Re: VFIO mdev with vIOMMU

Alex Williamson <alex.williamson@xxxxxxxxxx> · Thu, 28 Jul 2016 09:41:59 -0600

On Thu, 28 Jul 2016 10:15:24 +0000
"Tian, Kevin" <kevin.tian@xxxxxxxxx> wrote:

> Hi, Alex,
> 
> Along with recent enhancement on virtual IOMMU (vIOMMU) in Qemu, I'm 
> thinking whether there is any issue for mdev to cope with vIOMMU. I
> know today VFIO device only works with PowerPC IOMMU (note someone
> is enabling VFIO device with virtual VT-d but looks not complete yet), but
> it's always good to do architecture discussion earlier. :-)
> 
> VFIO mdev framework maintains a GPA->HPA mapping, which are queried
> by vendor specific mdev device model for emulation purpose. For example,
> guest GPU PTEs may need be translated into shadow GPU PTEs, where 
> GPA->HPA conversion is required.
> 
> When a virtual IOMMU is exposed to the guest, IOVA may be used as DMA 
> address by the guest, which means guest PTE now contains IOVA instead 
> of GPA then device model would like to know IOVA->HPA mapping. After 
> checking current vIOMMU logic within Qemu, looks it's not a problem. 
> vIOMMU is expected to notify any IOVA change to VFIO and kernel VFIO 
> driver does receive map requests for IOVA regions.

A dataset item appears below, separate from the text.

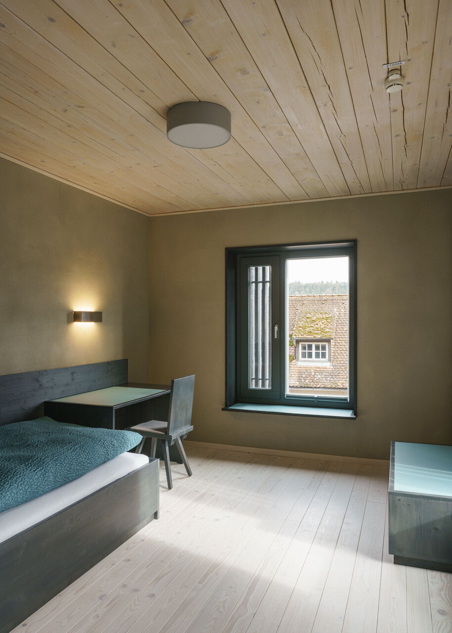 Für ein gesundes und angenehmes Raumklima wurde an den Innenwänden Lehmputz verwendet: er ist feuchteregulierend, nimmt Schadstoffe auf und hat positive Auswirkungen auf das Raumklima und das Behaglichkeitsgefühl der Gäste.

Thus the mapping 
> structure that VFIO maintains does be IOVA->HPA mapping as required 
> by device model. 
> 
> In this manner looks no further change is required on proposed mdev
> framework to support vIOMMU. The only thing that I'm unsure is how
> Qemu guarantees to map IOVA vs. GPA exclusively. I checked that
> vfio_listener_region_add initiates map request for normal memory 
> regions (which is GPA), and then vfio_iommu_map_notify will send
> map request for IOVA region which is notified through IOMMU notifier.
> I don't think VFIO can cope both GPA/IOVA map requests simultaneously,
> since VFIO doesn't maintain multiple address spaces on one device. It's
> not a mdev specific question, but I definitely missed some key points 
> here since it's assumed to be working for PowerPC already...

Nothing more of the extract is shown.